Kluggy · 2024-03-27T22:07:12 1711577232

So this just reads /sys/class/power_supply/BAT0/energy_now (or charge_now) and /sys/class/power_supply/BAT0/charge_full and outputs it nicely. While the asm is cool, how large would the bash script to do it?

meribold · 2024-03-27T22:17:59 1711577879

This project started as a rewrite of a Bash script (for learning purposes), so I can easily answer this question. It's indeed small. Here's the full Bash script I used to use (including comments):

    #!/usr/bin/env bash

    # Print the remaining amount of energy (or charge)
    # stored in the battery identified by `BAT0`.  This
    # is what works on my ThinkPad X220 and may not be
    # portable to other laptops without changes.

    cd /sys/class/power_supply/BAT0 || exit $?

    # Sometimes there are `energy_now` and `energy_full`
    # pseudofiles, and sometimes there are `charge_now`
    # and `charge_full` pseudofiles instead.
    if [[ -e energy_now ]]; then
       now=$(<energy_now)
       full=$(<energy_full)
       unit=Wh
    elif [[ -e charge_now ]]; then
       now=$(<charge_now)
       full=$(<charge_full)
       unit=Ah
    fi
    percent=$((100 * now / full))
    # Convert from microwatt-hours (or microampere-hours)
    # to watt-hours (or ampere-hours).
    now=$(bc <<< "scale=1; $now / 1000000")
    full=$(bc <<< "scale=1; $full / 1000000")
    echo "$now $unit / $full $unit (${percent}%)"

bregma · 2024-03-28T10:37:41 1711622261

One is really hard-pressed to argue these little loadable executables are ELF files.
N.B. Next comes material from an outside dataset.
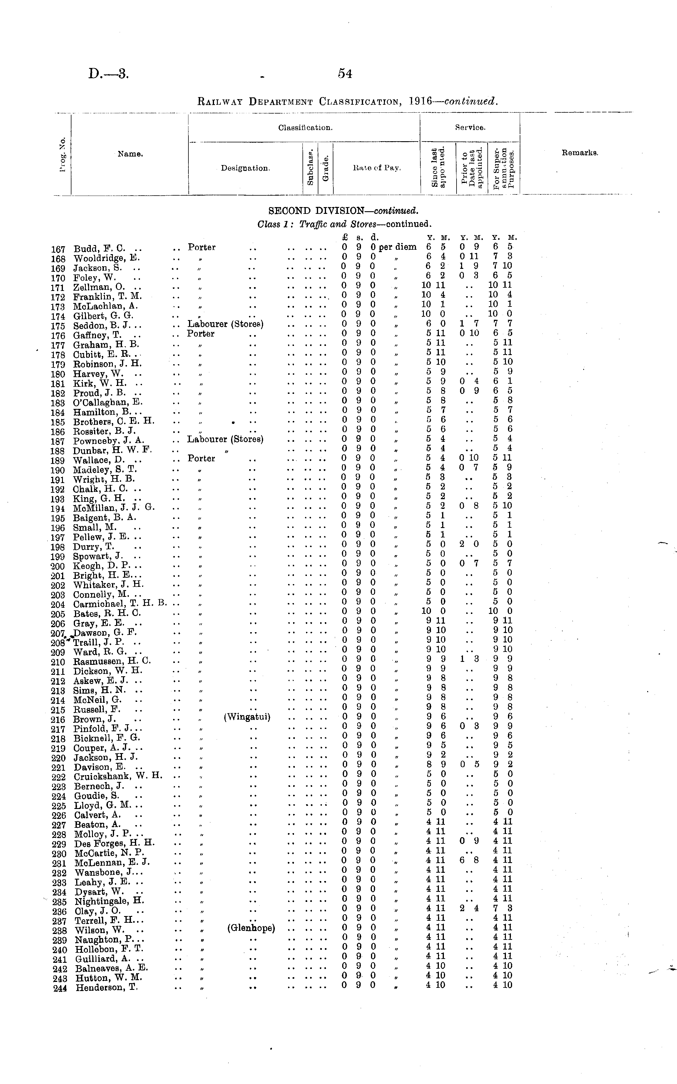 ClasBifl cation. Service. ■_, — 1——— „b Name. j |'l ij o g P 3 « .Sg "-a f? S S a Designation. o sa lln,-,o of Pay. o 001-3 a, 3 & SB a? JaJ 1.3s o' A p Name. : Remarks. SECOND DIVISION— continued. Class 1: Traffic and Stores —continued. £ s. d. Y. M. Y. M. Y. M. 167 Budd, P. C. .. . • Porter .. 0 9 0 per diem 6 5 0 9 6 5 168 Wooldridge, E. .. . 0 9 0 „ 6 4 0 11 7 3 169 Jackson, S 0 9 0 ,. 6 2 1 9 7 10 170 Foley, W 0 9 0 „ 6 2 0 3 6 5 171 Zellman, O 0 9 0 „ 10 11 .. 10 11 172 Franklin, T. M. .. „ .090 „ 10 4 .. 10 4 173 McLaohlan, A. ■. „ .. 0 9 0 „ 10 1 .. 10 1 174 Gilbert, G. G. .. . 0 9 0 „ 10 0 .. 10 0 175 Seddon, B. J. .. .. Labourer (Stores) 090 ,, 60 17 77 176 Gafiney, T. .. • • Porter .. 0 9 0 „ 5 11 0 10 6 5 177 Graham, H. B. .. „ .. 0 9 0 „ 5 11 .. 5 11 178 Cubitt, E. R ,. 0 9 0 „ 5 11 .. 5 11 179 Robinson, J. H. .. „ .. 0 9 0 „ 5 10 .. 5 10 180 Harvey, W 0 9 0 „ 5 9 .. 5 9 181 Kirk.W.H 0 9 0,, 590461 182 Proud, J. B ,, 0 9 0 . 5 8 0 9 6 5 183 O'Callaghan, E. .. „ .. 0 9 0 „ 5 8 .. 5 8 184 Hamilton, B. .. .. „ .. 0 9 0 „ 5 7 .. 5 7 185 Brothers, C. E. H 0 9 0 ,. 5 6 .. 5 6 186 Rossiter, B.J. .. ., • • 0 9 0 „ 5 6 .. 5 6 187 Pownceby, J. A. .. Labourer (Stores) 090 „ 54 .. 54 188 Dunbar, H. W. P. .. ,, 0 9 0 „ 5 4 .. 5 4 189 Wallace, D. .. .. Porter .. 0 9 0 „ 5 4 0 10 5 11 190 Madeley, S. T. .. . 0 9 0 „ . 5 4 0 7 5 9 191 Wright, H. B. .. „ .. 0 9 0 „ 5 3 .. 5 3 192 Chalk, H. C 0 9 0 „ 5 2 .. 5 2 193 King, G. H 0 9 0,, 5 2 .. 5 2 191 McMillan, J. J. G. .. ,. 0 9 0 „ 5 2 0 8 5 10 195 Baigent, B. A. .. „ 0 9 0 „ 5 1 .. 5 1 196 Small, M -- 0 9 0,, 5 1 .. 5 1 197 Pellew, J. E. .. .. „ . • 0 9 0 „ 5 1 .. 5 1 198 Durry.T 0 9 0 . 5 0 2 0 5 0 199 Spowart, J 0 9 0 „ 5 0 .. 5 0 200 Keogh, D. P ,, 0 9 0 , 5 0 0 7 5 7 201 Bright, H.E 0 9 0,, 5 0 .. 5 0 202 Whitaker, J. H. .. „ .. 0 9 0 „ 5 0 .. 5 0 203 Connelly, M. .. ■ ■ . • • 0 9 0 „ 5 0 .. 5 0 204 Garmichael, T. H. B .. 0 9 0,, 50 .. 50 205 Batea.R.H. C. .. ,- 0 9 0 „ 10 0 .. 10 0 206 Gray.E.E 0 9 0 „ 9 11 .. 9 11 207 Dawson, G. F 0 9 0 „ 9 10 .. 9 10 208-Traill, J. P 0 9 0 „ 9 10 .. 9 10 209 WardR.G . •• 0 9 0 „ 9 10 .. 9 10 210 Rasmussen, H. C. .. „ 0 9 0,, 991399 211 Dickson, W. H. -. „ • • 0 9 0 „ 9 9 .. 9 9 212 Askew, E.J •• 0 9 0,, 9 8 .. 9 8 213 Sims, H.N 0 9 0,, 98.-98 214 McNeil, G 0 9 0 „ 9 8 .. 9 8 215 Russell, F 0 9 0 „ 9 8 .. 9 8 216 Brown, J. .. •• . (Wingatui) 090 „ 96 .. 96 217 Pinfold, F.J 0 9 0,, 960399 218 Bioknell, P. G. • • „ • • 0 9 0 „ 9 6 .. 9 6 219 Couper, A. J . 0 9 0 „ 9 5 .. 9 5 220 Jackson, H.J 0 9 0,, 92 .. 9 2 221 Davison, E . 0 9 0,, 890592 222 Cruiokshank, W. H. .. , .. 0 9 0 „ 5 0 .. 5 0 223 Bernech, J •• 0 9 0 „ 5 0 .. 5 0 224 Goudie, S. .. •• » •• 0 9 0 „ 5 0 .. 5 0 225 Lloyd, G. M .090 „ 50 .. 50 226 Calvert, A 0 9 0 „ 5 0 .. 5 0 227 Beaton, A. .. •• . •• 0 9 0 „ 4 11 .. 4 11 228 Molloy, J. P 0 9 0 „ 4 11 .. 4 11 229 Des Forges, H. H. .. , 0 9 0 „ 4 11 0 9 4 11 230 McCartie, N. P • • 0 9 0 „ 4 11 .. 4 11 231 MoLennan, E. J. .. „ 0 9 0 „ 4 11 0 8 4 11 232 Wansbone, J 0 9 0 , 4 11 .. 4 11 233 Leahy, J. E... •• ., 0 9 0 „ 4 11 .. 4 11 234 Dysart.W 0 9 0 „ 4 11 .. 4 11 235 Nightingale, H. .. „ 0 9 0 „ 4 11 .. 4 11 236 Clay, J. O. 0 9 0,, 4 11 2 4 7 3 237 Terrell,P. H „ 0 9 0 „ 4 11 .. 4 11 238 Wilson, W (Glenhope) 0 9 0 „ 4 11 .. 4 11 239 Naughton,P . 0 9 0 „ 4 11 .. 4 11 240 Hollebon, P. T. .. „ 0 9 0 „ 4 11 .. 4 11 241 Guilliard, A ,, ■■ 0 9 0 „ 4 11 .. 4 11 242 Balneaves, A. E. .. „ .. 0 9 0 „ 4 10 .. 4 10 243 Hutton, W. M. .. „ 0 9 0 „ 4 10 .. 4 10 244 HendetBon.T, .. „ 0 9 0 „ 4 10 .. 4 10 ■ ' '■ I I

They do not conform to the ELF standard. They're simply tiny loadable Linux executables because they exploit the Linux kernel loader's slackness in interpreting ELF binaries.

qweqwe14 · 2024-03-29T02:15:55 1711678555

Prior art: http://www.muppetlabs.com/~breadbox/software/tiny/return42.h...

benterix · 2024-03-28T12:12:22 1711627942

Funny how the tech world comes full circle. I remember writing a similar program (for CPUID) as a COM file in mid-90s and it definitely had less than 466 bytes, maybe 1/10th of it.

Alifatisk · 2024-03-27T21:14:35 1711574075

[flagged]

snvzz · 2024-03-27T23:38:32 1711582712

>unportable

(X) Doubt.

It's no stretch to say many a HN user can, easily, port such a trivial program to other assembly languages.

msk-lywenn · 2024-03-27T21:17:22 1711574242

it's not (and I don't think it's supposed to)

freedomben · 2024-03-28T11:54:11 1711626851

Yeah, that seems like just a factual statement to me.

If you start from the premise that everything is a flex, then you can easily confirmation bias your way into reading it that way, but IMHO that's not a helpful way to live life unless you want to feel like everybody is constantly flexing regardless of whether they are or not.